Currencies can't all devalue at the same time. So there's bound to be some give and some take. Good news for gold bugs, I suppose - but that's a side show. The real issue is what happens to US trade balance now and whether the slumping Euro puts a damper on the nascent US recovery.

Thursday, May 6, 2010

It's time for "I told you so"s

1. Zerohedge. When it comes to HFT trading, they've been right all along.  This is their "I told you so" moment, and a richly deserved one.  

A minor observation here: recently, Barry Ritholtz has been a staunch advocate of trading with a stop-loss close at hand - I can't be bothered to look for specific entries on his blog, but there were several. So a question: how would that strategy have worked out today. Suppose you had a stop-loss on SPY at 1100 - it would have gotten tripped up halfway through the meltdown and a solid 2.5%+ lower than the eventual close. Don't get me wrong here: I am not advocating trading without a stop-loss either. Rather, in this algo-driven market, I am advocating not trading equities at all.
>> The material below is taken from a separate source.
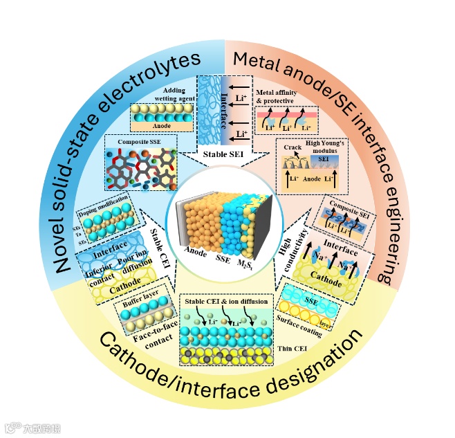 针对正极/SSE界面,优化策略主要包括:(1)构建共形界面,通过原子层沉积(ALD)等技术在正极颗粒表面包覆均匀纳米层,以增强界面接触并抑制副反应;(2)设计混合界面,结合聚合物与无机电解质的优势,在界面处形成柔-刚复合结构,改善界面相容性和应力适应能力;(3)引入保护涂层,如LiNbO3、LiTaO3等快离子导体涂层,阻断正极与电解质之间的有害相互扩散;(4)调控空间电荷层,抑制因离子化学势差异导致的界面离子耗尽/富集现象,降低界面阻抗;(5)构建固态电解质-正极混合复合界面,通过将电解质材料集成至正极内部,扩展离子传输通道,提升界面离子传输效率。而对于负极/SSE界面,主要优化策略集中于构建人工界面层(AIL),例如在锂金属表面引入LiF、Li₃N、LiPON等高离子电导且机械稳定的界面层,以有效抑制锂枝晶穿刺并增强界面离子传输,提升电池的循环寿命和安全性能。
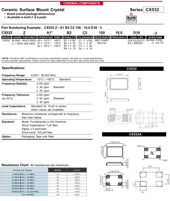 更多>>美國Cardinal晶振,CX532A無源晶體諧振器,CX532AZ-A2B4C4150-10.0D16-3晶振

2. Yours truly. Didn't I tell you that a bailout for Greece does jack shit to help Spain and Portugal? Didn't I? But I think it's worth repeating the fundamental question for further consideration by Europe's "leadership". I take it that the fundamental goal of a Greece bailout was to attempt to stop contagion to the rest of Europe. And I agree that it is a worthwhile goal - nobody wins if Spain goes down in flames. But if you are not willing to go all out and make ECB into the equivalent of US Treasury and Fed combined, why bother with Greece at all? $140 billion is no chump change, and it's all down the drain as Greece will still default/restructure and the rest of the PIIGS are in as much trouble as they've ever been.  If ye Germans are so keen on preserving your mojo of fiscal discipline and punish the profligate transgressors of Maastricht, why not just (a) withdraw from the EMU and reintroduce the Deutche Mark and (b) bail out your banks and your banks only, as necessary?  Let's get this mess over with one way or another - enough of this charade of half measures!